Integrative Approaches in Immune Modeling: Bridging Scales for Personalized Medicine

The field of systems biology has experienced significant growth since the early 20th century, influencing various branches of biomedicine like systems physiology and systems immunology. Despite the insightful theoretical publications that highlight the immense potential of a systems approach, its practical integration into real-world biomedicine remains scarce. One major hurdle impeding this integration is the multifactorial complexity, particularly the mathematical and computational challenges involved in creating and applying integrative models that accurately represent the multiscale, multi-physics nature of biological systems. The recent COVID-19 pandemic has accelerated efforts to form research consortia tackling key questions such as virus-host interactions and immune responses. This has underscored the necessity for general mathematical and computational frameworks capable of addressing both theoretical and practical issues, including model calibration and uncertainty quantification. There's an urgent need for innovative numerical techniques to solve both the single class models (initial-boundary value problems, agent-based models, etc.) as well as hybrid systems and to construct holistic models that can assimilate diverse data types, paving the way for breakthrough advancements in personalized medicine.

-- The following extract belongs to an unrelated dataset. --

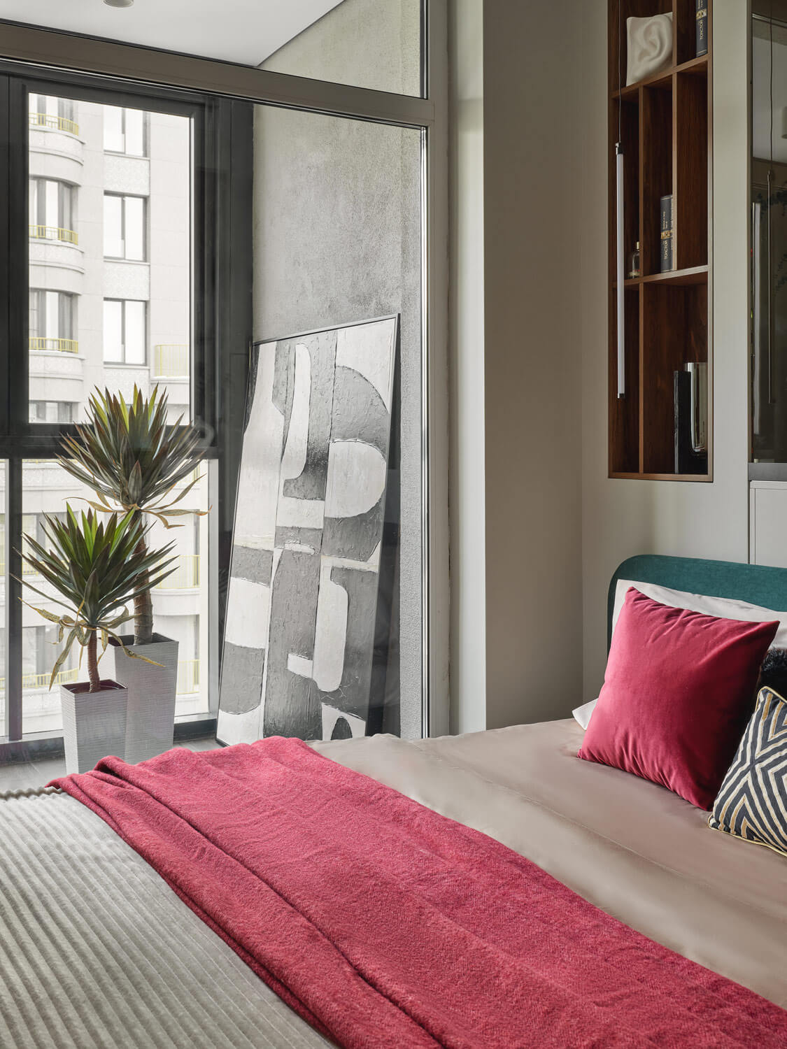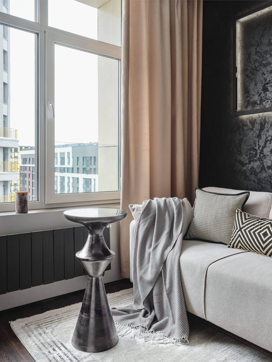 Ключевым при создании этого пространства стал вид из окна: диван, кровать и барная стойка ориентированы таким образом, чтобы, отдыхая на них, открывался вид на реку, а не на соседнее здание.

This Research Topic aims to develop integrative models that seamlessly connect molecular, cellular, and systemic levels of immune response. By leveraging cutting-edge technologies like high-throughput data analysis and advanced algorithms, the goal is to unlock new insights into immune cell behavior and its implications for personalized medicine. The exploration of these advanced models will focus on their potential to forecast therapeutic outcomes, optimize treatment strategies, and increase the efficacy of immune-based therapies.

To gather further insights within this dynamic area of research, we welcome articles addressing, but not limited to, the following themes:

- Theoretical frameworks for developing multi-scale immune models
- Computational methods for uncertainty quantification in model predictions
- Applications of integrative models in forecasting therapeutic outcomes
- Innovations in high-throughput data integration for personalized medicine
- Case studies on successful applications of multi-scale modeling in immunology

We invite contributions in various formats, including research articles, review articles, method papers, case reports, and perspective pieces.